A consortium of researchers dedicated to improving the understanding of the human causes and consequences of terrorism

Terrorism: A Self-Love Story

Re-directing the Significance Quest Can End Violence
The same motivational force that drives people to commit acts of terrorism can actually promote pro-social and benevolent behavior, according to a new START study. In the study "Terrorism: A Self Love Story" psychology professor Arie Kruglanski and his co-authors suggest that understanding self-love and redirecting an individual's "quest for significance" is crucial to reversing the current tide of global terrorism.
 
Kruglanski and co-authors, Jocelyn Blanger and Michele Gelfand at the University of Maryland, College Park studied terrorist detainees in Sri Lanka and the Philippines in addition to community samples in the Middle East to analyze the processes that promote radicalization and those that encourage de-radicalization.
 
The researchers collected qualitative and quantitative evidence from participant surveys, interviews, and carried out specific experiments to test implications of their theory about self-love and the quest for significance. Self-love is concern with one's image in the eyes of respected others and members of one's group. It denotes one's feeling of personal significance; the sense that one's life has meaning in accordance with the values of one's society.

The researchers looked at how significance loss, the threat of loss and the opportunity for significance gain increased adherence to the group ideology and the effect this has on self-empowerment and the readiness to self-sacrifice on the group's behalf.

"The quest for significance is a motivation that is common to all human beings, but it isn't active at all times and can be awakened in specific circumstances," Kruglanski said. "If you feel humiliated or belittled because of something you did or because of something others did to you, then you experience the need to restore your sense of significance."

Kruglanski said that if the group's ideology and belief system tells its members that they can restore their significance by engaging in violence and terrorism, then its members are inclined to do so. Kruglanski said that is why it's imperative to offer individuals an alternative route to feeling worthy and significant, a pro social path that is constructive and humane.

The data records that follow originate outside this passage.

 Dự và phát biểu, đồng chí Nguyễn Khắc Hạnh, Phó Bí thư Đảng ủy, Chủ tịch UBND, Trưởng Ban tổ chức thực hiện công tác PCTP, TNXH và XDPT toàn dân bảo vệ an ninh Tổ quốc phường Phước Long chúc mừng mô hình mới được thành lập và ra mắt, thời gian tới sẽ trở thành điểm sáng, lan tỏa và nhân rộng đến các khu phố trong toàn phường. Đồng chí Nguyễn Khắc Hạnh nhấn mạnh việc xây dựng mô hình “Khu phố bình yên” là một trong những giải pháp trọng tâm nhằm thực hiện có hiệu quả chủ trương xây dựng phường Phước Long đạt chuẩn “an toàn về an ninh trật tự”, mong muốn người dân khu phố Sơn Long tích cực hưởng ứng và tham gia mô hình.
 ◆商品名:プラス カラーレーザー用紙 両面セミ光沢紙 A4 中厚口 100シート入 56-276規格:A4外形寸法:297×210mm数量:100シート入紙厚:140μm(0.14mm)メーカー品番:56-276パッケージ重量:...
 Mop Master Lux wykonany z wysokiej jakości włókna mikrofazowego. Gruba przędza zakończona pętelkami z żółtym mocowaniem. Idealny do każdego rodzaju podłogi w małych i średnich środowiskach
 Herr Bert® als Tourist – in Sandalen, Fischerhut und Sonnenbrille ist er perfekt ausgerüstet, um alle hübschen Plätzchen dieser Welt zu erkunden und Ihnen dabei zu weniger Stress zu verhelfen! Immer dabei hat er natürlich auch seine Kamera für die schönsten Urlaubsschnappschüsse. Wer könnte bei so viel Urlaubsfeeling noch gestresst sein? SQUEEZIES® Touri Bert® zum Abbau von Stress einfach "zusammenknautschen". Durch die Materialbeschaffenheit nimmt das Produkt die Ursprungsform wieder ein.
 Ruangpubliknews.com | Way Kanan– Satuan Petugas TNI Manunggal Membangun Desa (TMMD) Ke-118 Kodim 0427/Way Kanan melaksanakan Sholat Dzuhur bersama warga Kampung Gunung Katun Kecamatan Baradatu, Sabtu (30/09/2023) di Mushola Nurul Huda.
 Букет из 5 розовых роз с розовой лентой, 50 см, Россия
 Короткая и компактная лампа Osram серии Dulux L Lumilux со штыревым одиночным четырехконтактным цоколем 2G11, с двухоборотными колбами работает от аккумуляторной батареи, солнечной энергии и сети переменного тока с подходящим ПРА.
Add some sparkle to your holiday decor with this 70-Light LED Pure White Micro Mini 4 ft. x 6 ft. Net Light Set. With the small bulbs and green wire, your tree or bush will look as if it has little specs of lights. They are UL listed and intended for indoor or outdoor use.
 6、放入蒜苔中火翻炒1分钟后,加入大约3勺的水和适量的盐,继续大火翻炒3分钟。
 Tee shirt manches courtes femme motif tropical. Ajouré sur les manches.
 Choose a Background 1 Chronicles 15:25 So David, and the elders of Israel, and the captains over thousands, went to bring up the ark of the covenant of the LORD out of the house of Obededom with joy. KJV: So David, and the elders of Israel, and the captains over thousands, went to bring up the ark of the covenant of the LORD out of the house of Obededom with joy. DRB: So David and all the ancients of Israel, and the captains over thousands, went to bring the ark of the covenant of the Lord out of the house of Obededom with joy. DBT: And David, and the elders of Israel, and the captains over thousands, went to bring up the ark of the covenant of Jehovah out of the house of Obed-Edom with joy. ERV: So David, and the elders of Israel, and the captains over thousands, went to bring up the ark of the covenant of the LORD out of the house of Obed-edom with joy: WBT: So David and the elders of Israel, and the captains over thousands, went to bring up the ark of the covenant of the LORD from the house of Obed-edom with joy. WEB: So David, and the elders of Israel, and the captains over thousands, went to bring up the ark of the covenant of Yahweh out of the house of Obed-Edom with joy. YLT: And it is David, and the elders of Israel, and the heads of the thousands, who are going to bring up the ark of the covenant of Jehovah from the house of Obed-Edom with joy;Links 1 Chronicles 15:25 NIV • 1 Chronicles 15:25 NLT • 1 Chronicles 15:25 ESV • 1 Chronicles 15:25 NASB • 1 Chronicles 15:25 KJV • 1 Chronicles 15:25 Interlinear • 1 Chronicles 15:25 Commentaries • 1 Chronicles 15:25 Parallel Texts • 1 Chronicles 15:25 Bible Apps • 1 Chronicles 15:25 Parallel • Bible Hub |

"We cannot defeat terrorism by violent or military means alone," Kruglanski said.

"The role of psychology is to guide activities, programs and policies in relevant domains such as education, immigration, and defense and foreign affairs, so as to reverse the tide of radicalization."

The study was based upon work supported by the National Consortium for the Study of Terrorism and Responses to Terrorism (START).

The article is expected to be published in the American Psychologist journal in 2013.